One of the experiences all CSUN students must go through is the test known as the Upper Division Writing Proficiency Exam. While all tests are stressful, the Writing Proficiency Exam is well known to CSUN students as being one test you don’t need to stress over, and starting this semester, students will once again not have to worry about the exam.
Both the old and new versions of the exam involved students receiving and a prompt and being told to write about it. The old exam involved a bit of creativity, requiring that students come up with an idea, for instance an invention that has changed the world, and explain their reasoning.
The new exam takes a different approach. Instead of requiring the student to create a concept, the new prompt gives test takers an article about a subject such as credit card debt and gives them all the information they need to formulate a response. While experience and creativity certainly wouldn’t hurt, the new exam doesn’t require nearly as much.
No wonder students like it better. If there’s one thing the average student hates it’s being creative, especially when they have to do it under such a severe time constraint. Instead of forcing students to think a little, the new exam allows students to simply regurgitate the information fed to them.
Still, it seems that the new test is more difficult for students to pass. While the current pass rate is about 80 to 85 percent, there are people who often have to try taking the exam several times before they’re able to pass. The university does allow for this inevitability, offering students free practice exams in addition to a class focused on passing the Exam.

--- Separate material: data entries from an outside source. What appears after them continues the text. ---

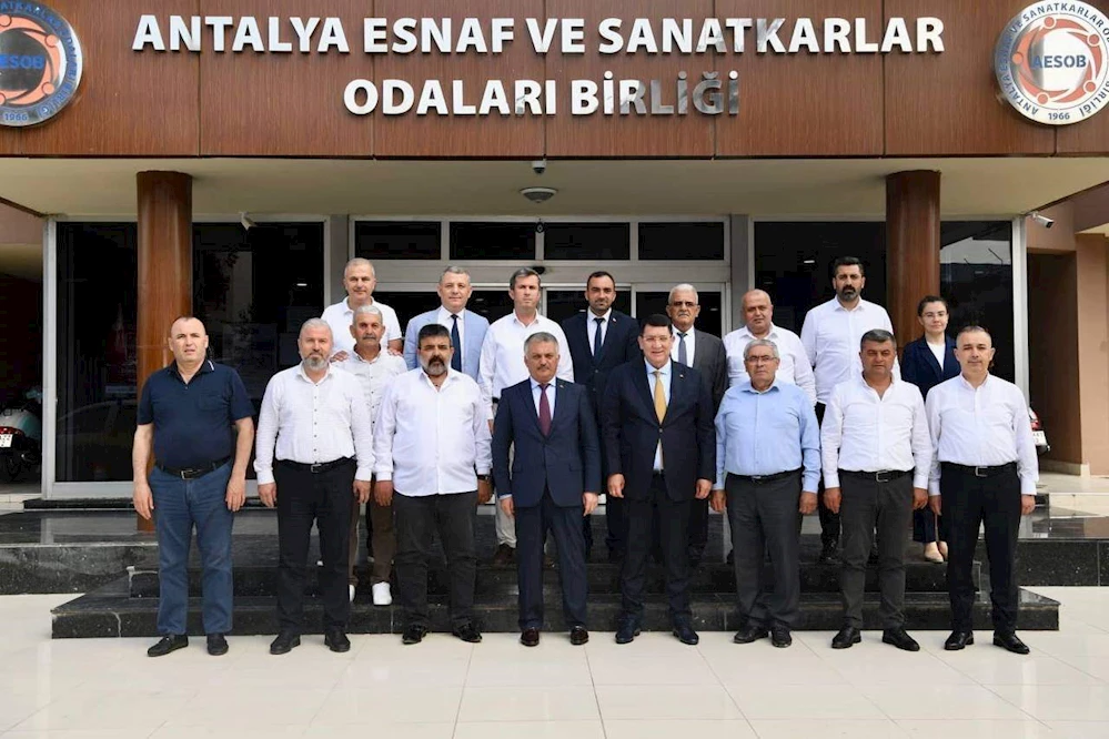 Antalya Valisi Ersin Yazıcı, yeniden Antalya Esnaf ve Sanatkârlar Odaları Birliği (AESOB) Başkanı seçilen Adlıhan Dere’yi ve yeni Yönetim Kurulu Üyelerini ziyaret edip görevlerinde başarılar diledi. Antalya’yı el birliğiyle daha güzel günlere taşıyacaklarının altını çizen Vali Yazıcı; “Şunu çok iyi biliyoruz. Esnaf kalkınırsa ülke kalkınır. Esnafımızın daima yanında ve destekçisiyiz.” dedi.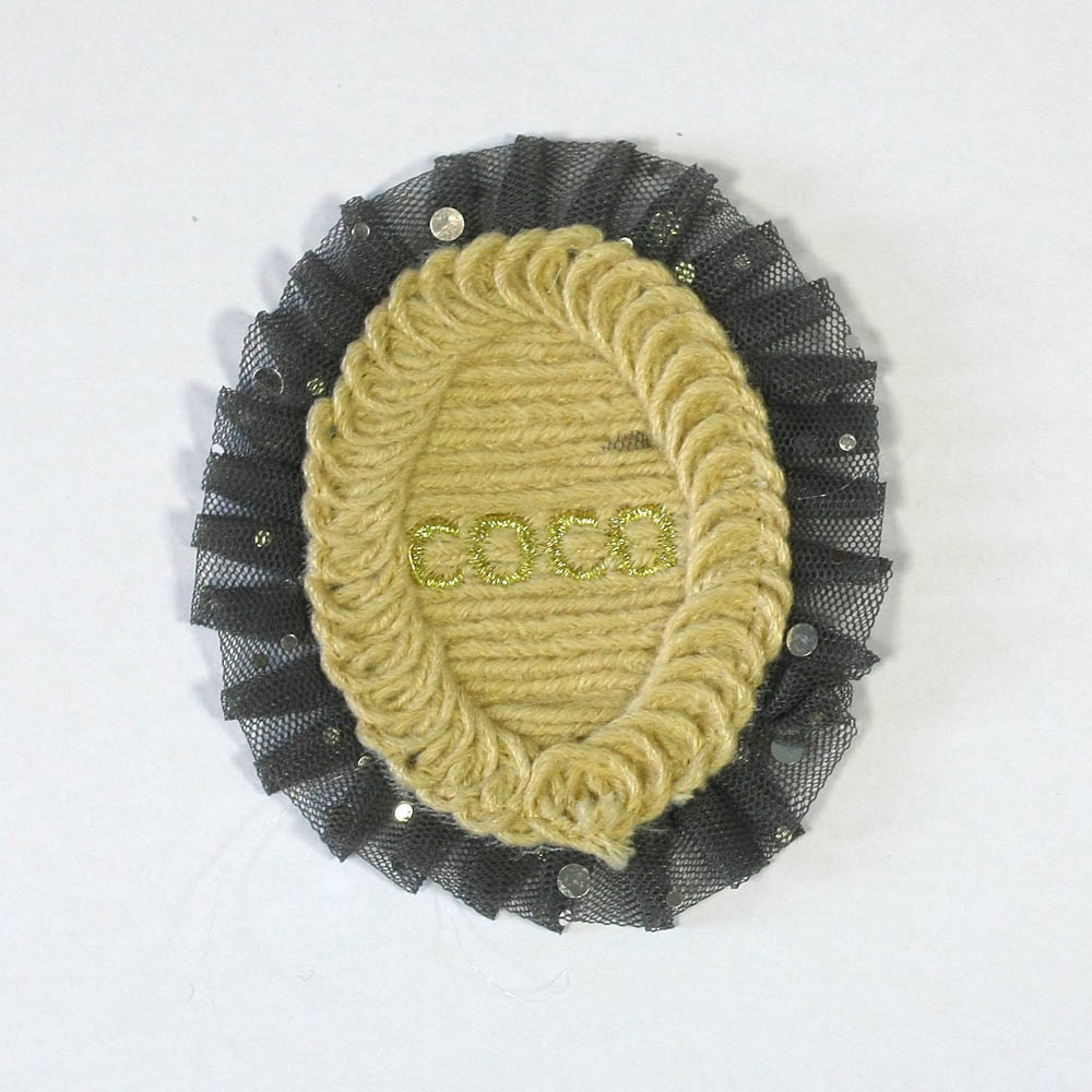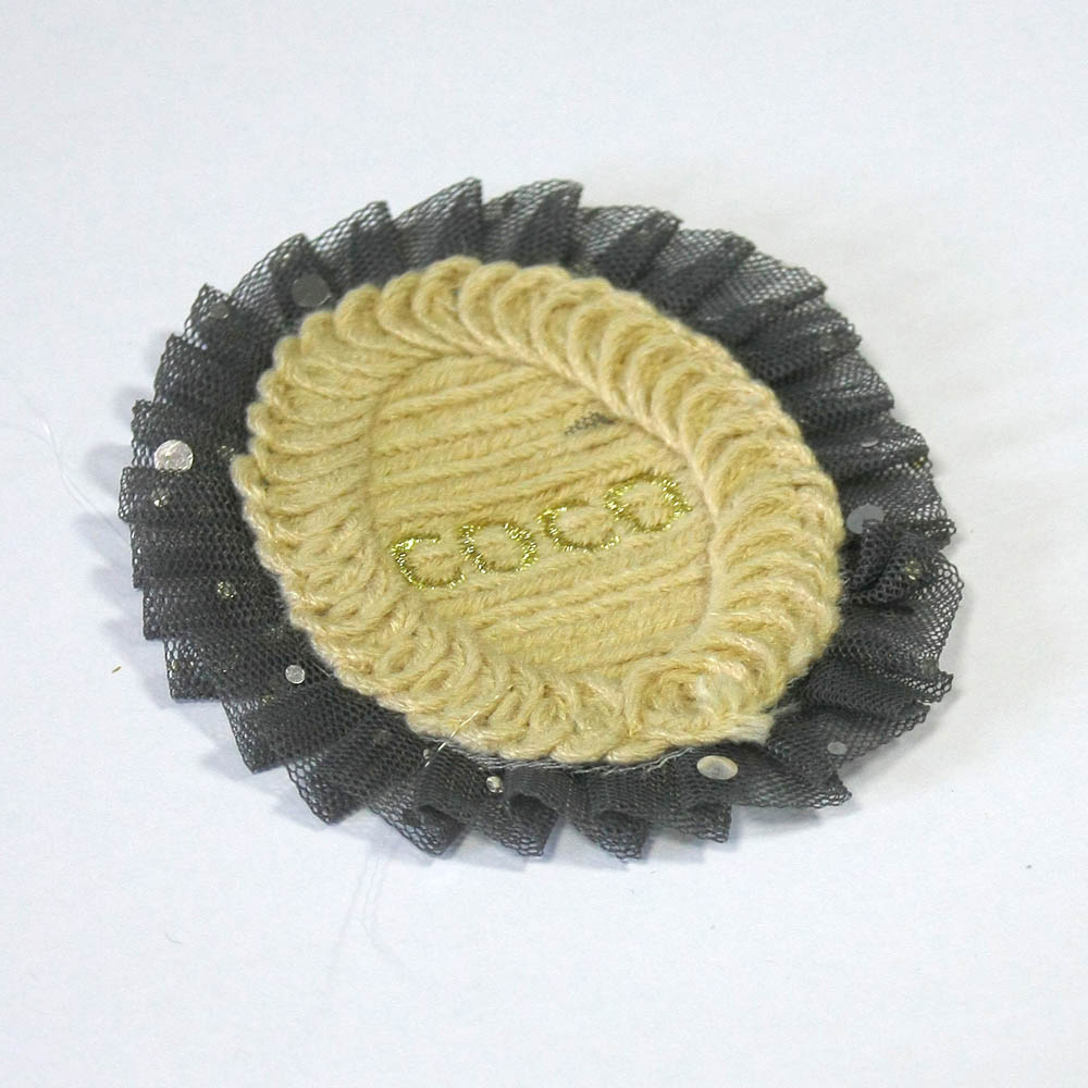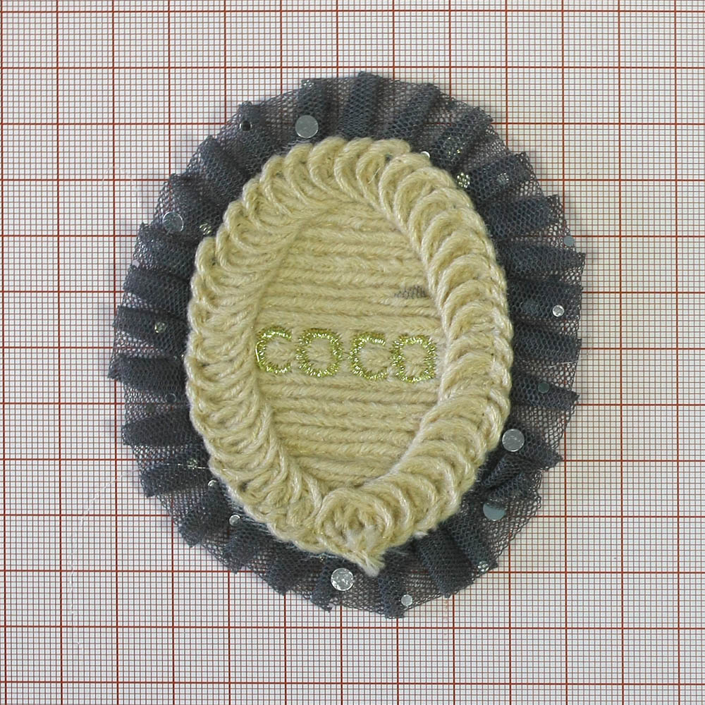 Аппликация вязаная пришивная Овал СОСО 8*9см бежевый, серебряный, золотой люрекс, шт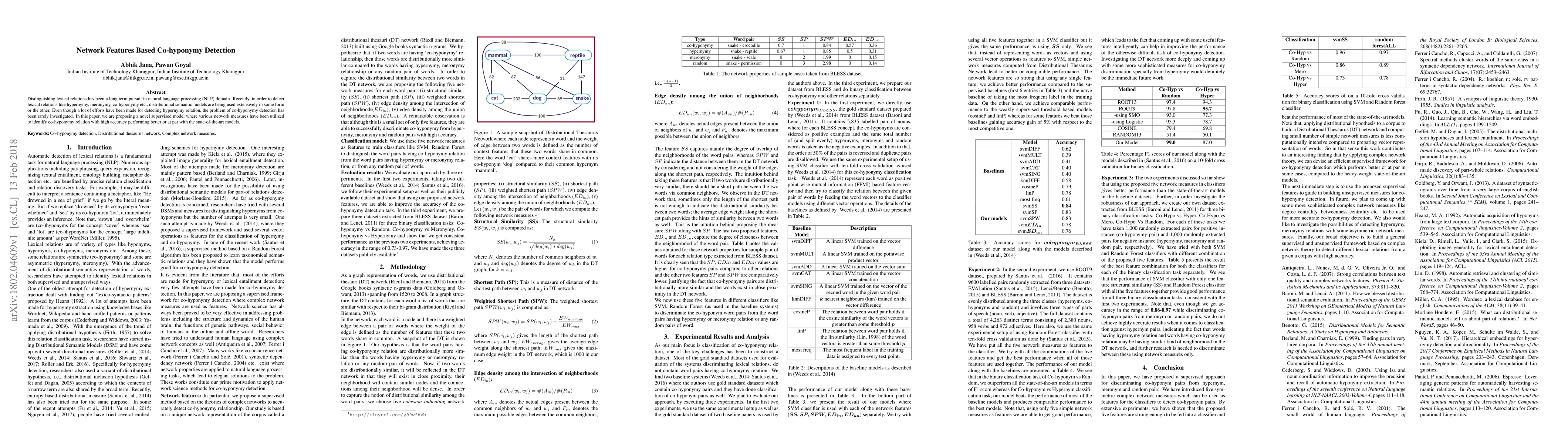 This paper proposes a supervised model using network features to detect co-hyponymy relations, achieving high accuracy and outperforming or matching state-of-the-art models in lexical relation identification.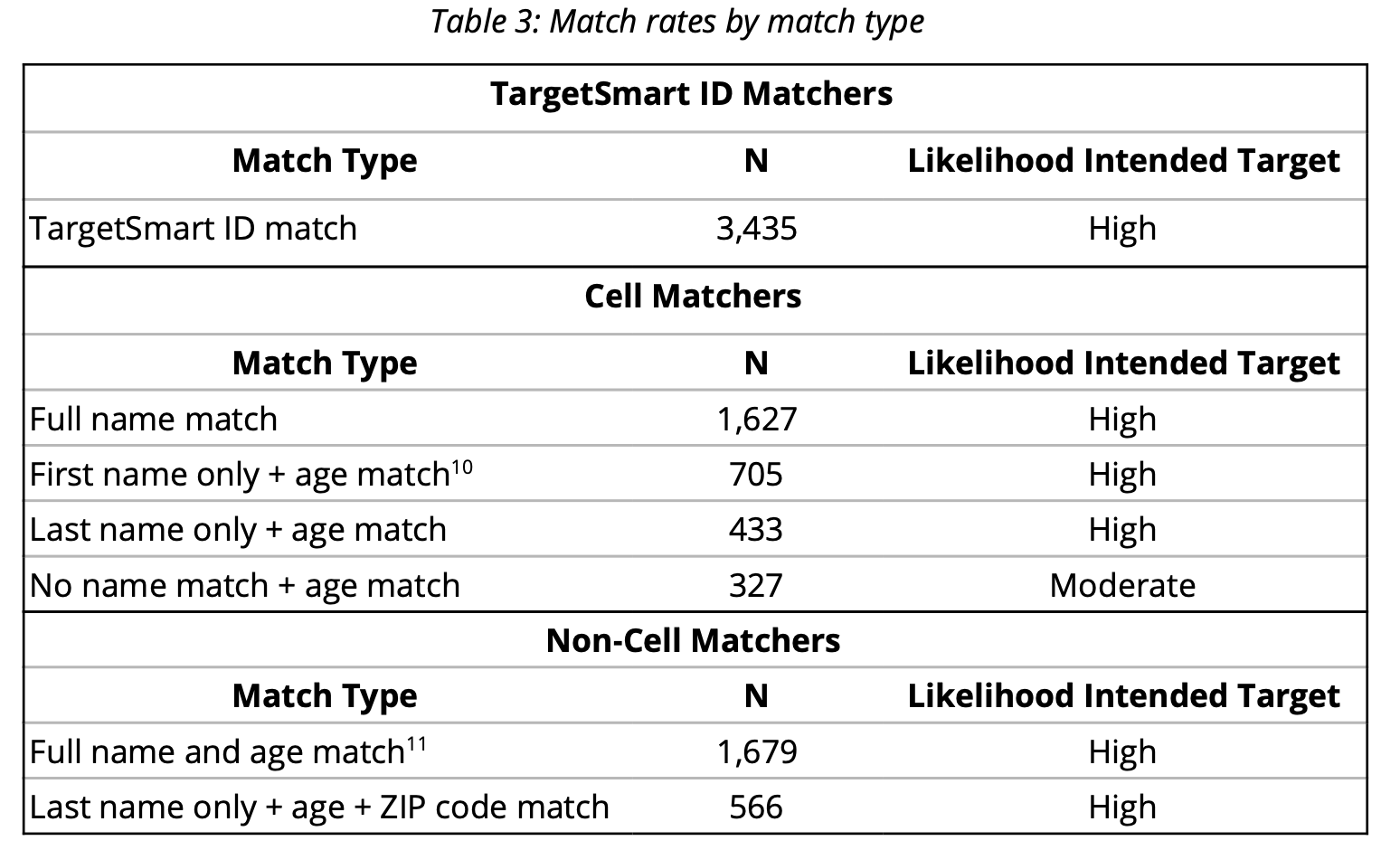 - Among those who could not be matched based on TargetSmart IDs, 8,018 people (34% of forms submitted) could be matched to form submissions based on phone numbers listed in the original target data and on forms submitted. 2,765 of these cell matchers (12% of forms submitted) had suffciently comparable name and age data across data sources to indicate a high likelihood that intended targets had been reached and submitted a form (Table 3). This increases to 3,092 (13% of forms submitted) if matches indicating a moderate likelihood that intended targets had been reached are included.
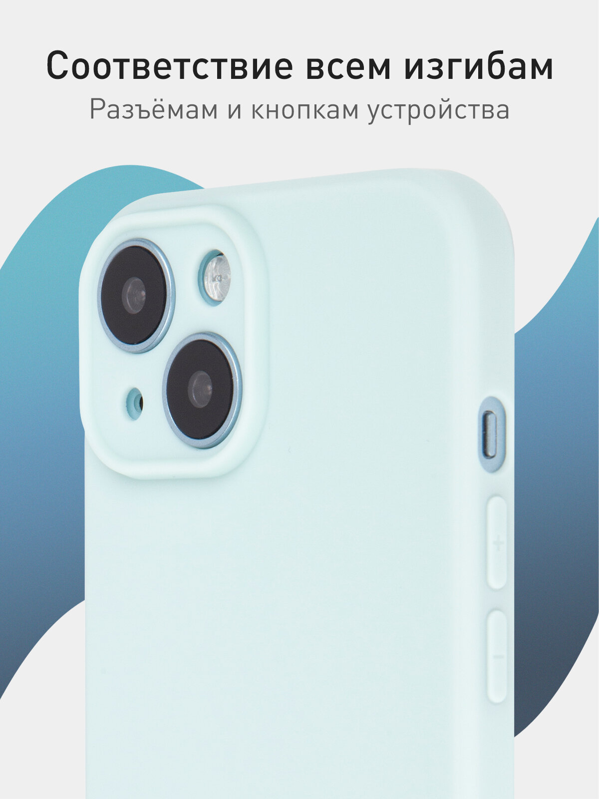 Матовый силиконовый чехол Rosco на Apple iPhone 15 (Айфон 15), тонкий, голубой под цвет телефона 480 ₽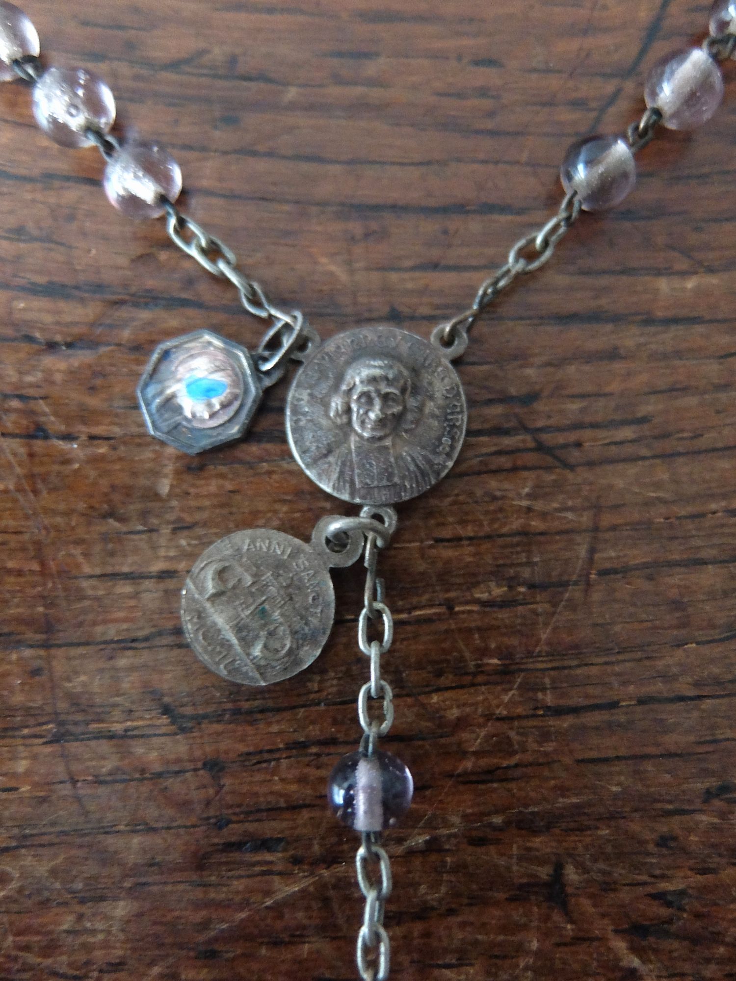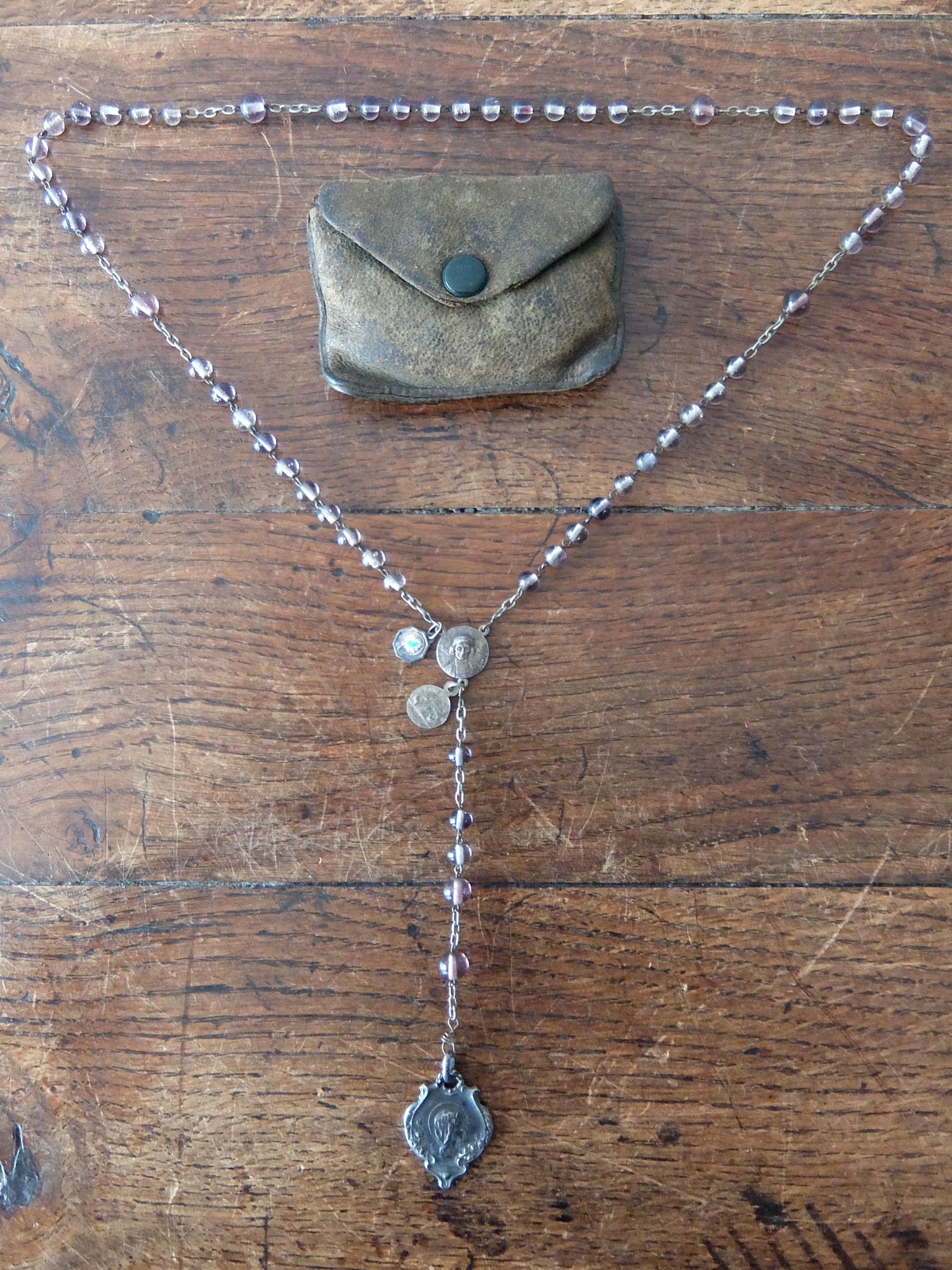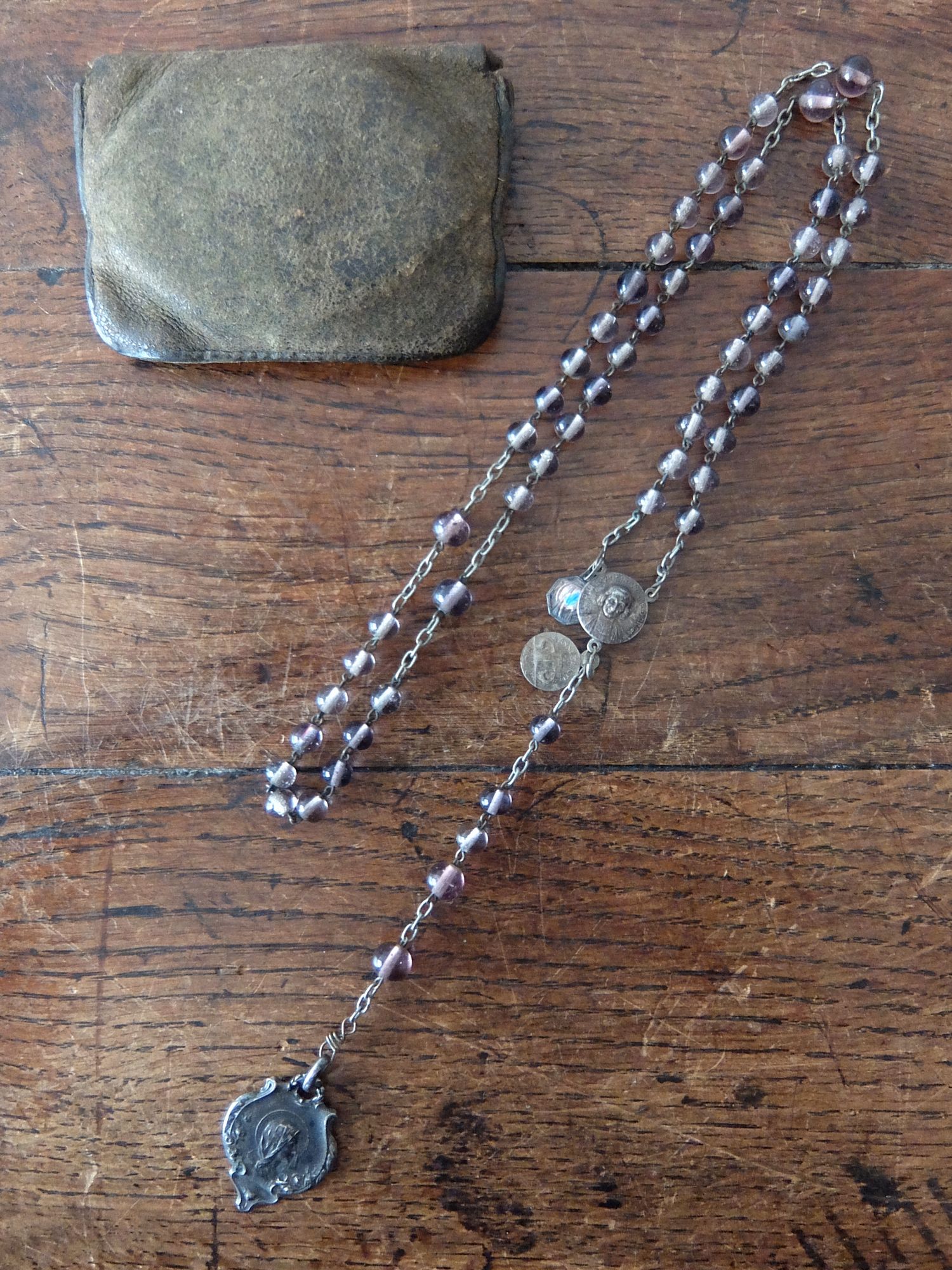 アメジスト色のビーズが美しいメダイ (チェーン長:530mm) ※ケース付き

What disturbs me most about the exam is that we still force students to take the exam when 80 percent of those who take it pass. This wouldn’t be a problem if all of those people were good writers, but they simply aren’t. They prepared us for the Upper Division Writing Proficiency Exam in my freshman composition class, a full two years before I would have to take the test. It’s not like it was a challenge, even then. The class the university uses to teach people to pass the exam is at a less-than-freshman level. If they’re teaching freshman how to pass, the exam can’t really be expected to require the level of skill to pass that upperdivision undergraduates should have.
In some of the upper division classes I’ve taken that required essays, I’ve been amazed at how badly people can write and still pass. In one class, a group of students had to turn in a 10-page paper. Instead of one of us writing all 10 pages, I suggested that instead the five of us each write two pages and I would edit it all together. The difficulty in editing these together came not from putting together the different styles but from having to figure out what the writer meant half of the time.
That was when I realized how exceptionally bad some CSUN students writing really is, and by having such a weak Upper Division Writing Proficiency Exam we aren’t solving the problem. Instead of having such an exam we should just expect more of students in their classes and not pass them when their writing proves to be subpar.